- Born: c. 1951 Loma Linda, California
- Occupation: businesswoman
- Known for: matching celebrities with companies and charities

= Rita Tateel =

American businesswoman (born c. 1951)

Rita Tateel (born c. 1951) is an American businesswoman. She is the founder and President of The Celebrity Source, a celebrity booking agency that matches celebrities with corporate and non-profit clients for public relations, marketing and advertising campaigns, and special events. She has also taught classes at UCLA Extension.

==Early life and education==
Tateel was born in Loma Linda, California; her parents were Holocaust survivors who owned an egg farm in Fontana, California at the time. She grew up in Los Angeles. She has a bachelor's degree in child development and a master's degree in social work. She worked for nonprofit organizations for 15 years.

==The Celebrity Source==
Through her work in nonprofit organizations, she became aware that celebrities can be very important to a charity, because they provide visibility and credibility as well as influencing others to contribute. She decided to go into the business of helping organizations to recruit celebrity sponsors, headliners, and participants in events. She incorporated The Celebrity Source, headquartered in Los Angeles, California, on April 7, 1988. Her company finds celebrities willing to work in "cause-related marketing and public relations”. She has been described as "a matchmaker, Hollywood style".

The business maintains a database of more than 5,000 celebrities from film, television, music, sports and fashion in addition to experts from other industries and digital influencers, with information about their biographies, tastes, and charitable interests. "For example, if we need to identify a golfer who's from the Midwest, a supporter of the American Cancer Society and is African American, we can do that." In addition to linking stars to non-profits, she helps corporations to find celebrity endorsers or spokespeople.
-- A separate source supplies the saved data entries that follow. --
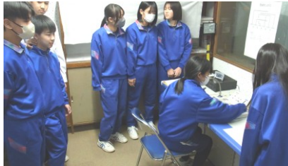
…2年生がリーダーとなり進行
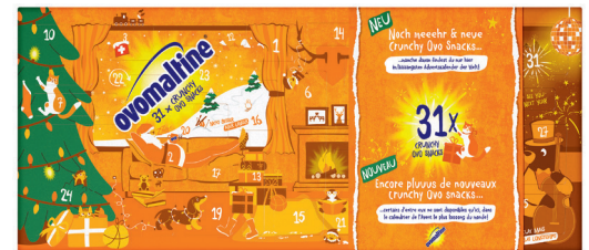
18.95 OVOMALTINE ADVENTSKALENDER 268 g (100 g = 7.08)
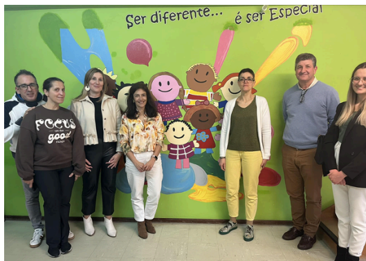
Associação para a Educação de Crianças Inadaptadas de Torres Vedras
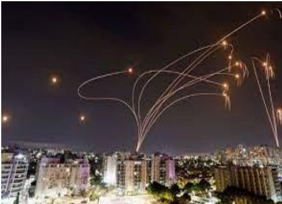
Αναχαιτήσεις ρουκετών από το "Σιδηρούν Θόλο.

Η Χαμάς αιφνιδίασε τις Ισραηλινές μυστικές υπηρεσίες [Mossad (Εξωτερική Ασφάλεια), Aman(Στρατιωτικές Πληροφορίες), Shabak (Εσωτερική Ασφάλεια)]. Οι Ισραηλινοί πρέπει να διερευνήσουν τα αίτια της απότυχίας εκτιμήσεως του μεγέθους του χτυπήματος και του χρόνου εκτέλεσης της επιχειρήσεως. Έχουν υποχρέωση να αναλύσουν επίσης, πως τους διέφυγε η τάξη τόσο μεγάλου αριθμού συστημάτων που απαιτούνται για τις χιλιάδες ρουκέτες που εκτοξεύθηκαν. Θα πρέπει επιπροσθέτως να αναζητήσουν τρόπους βελτιώσεως του συστήματος Αντιαεροπορικής Προστασίας «Σιδηρούς Θόλος[4](Iron Dome)», ώστε να δύναται να ανταποκρίνεται σε μαζικές επιθέσεις. Πρακτικά το σύστημα δεν είναι σχεδιασμένο να μπορεί να αναχαιτίζει περισσότερες από 800 ρουκέτες συγχρόνως. Το Ισραήλ διαθέτει 10 πυροβολαρχίες, εκάστη των οποίων διαθέτει 3-4 συστήματα εκτοξεύσεως 20 πυραύλων το καθένα. Την 7 η Οκτωβρίου εντός μισής ώρας εκτοξεύθηκε ο ίδιος αριθμός ρουκετών, που βλήθηκαν σε χρονικό διάστημα 50 ημερών κατά την σύγκρουση του 2014.
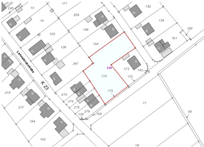
Auszug aus der Katasterkarte - (Datenlizenz Deutschland Land NRW / Kreis Warendorf (2018) Version 2.0)
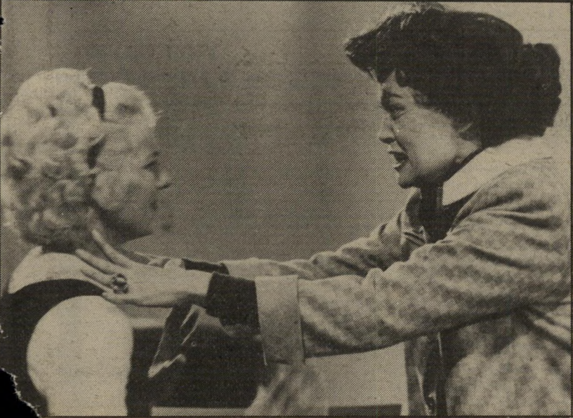
2. אמא יקרה (ארצות-הברית)
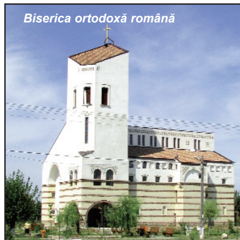
Biserica ortodoxă română
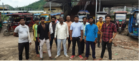
बैठक में शामिल ई रिक्शा चालक
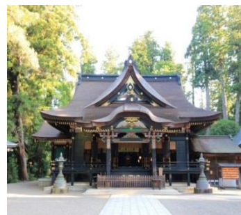
香 取 神 宮

日 時： 9月27日(水) 午前7時30分出発・午後6時30分帰着予定 募集人数： 40名 申込受付： 9月1日(金) 午前10時より 参加費を添えて窓口へ 参加費： 7,000円 行 程： 三鷹駅～幕張PA(休憩)～香取神宮(参拝)～銚子漁港 「うおっせ21」昼食&お買い物～銚子ポートタワー～ヤマサ 醤油工場見学～幕張PA(休憩)～三鷹駅

==Sample celebrity matches==
- She has recruited celebrities for the Hollywood Christmas Parade and the Los Angeles Marathon, among many other events.
- For 20 years she has procured celebrity racers for the Toyota Grand Prix of Long Beach, Pro/Celebrity Race, which benefits Miller Children's Hospital Long Beach and Children's Hospital of Orange County.
- When Purina wanted to support animal-rescue organizations, Tateel recruited Emily Procter, a star of “CSI Miami,” because she knew that Procter “lives and breathes animal rescue.”

==Memberships==
Tateel is a member of the Hollywood Chamber of Commerce and the Entertainment Publicists Professional Society (EPPS). She is a founding member and advisor to the Association of Celebrity Personal Assistants (ACPA). She also helped organize the New York chapter of the ACPA, which is now the independent organization, New York Celebrity Assistants (NYCA).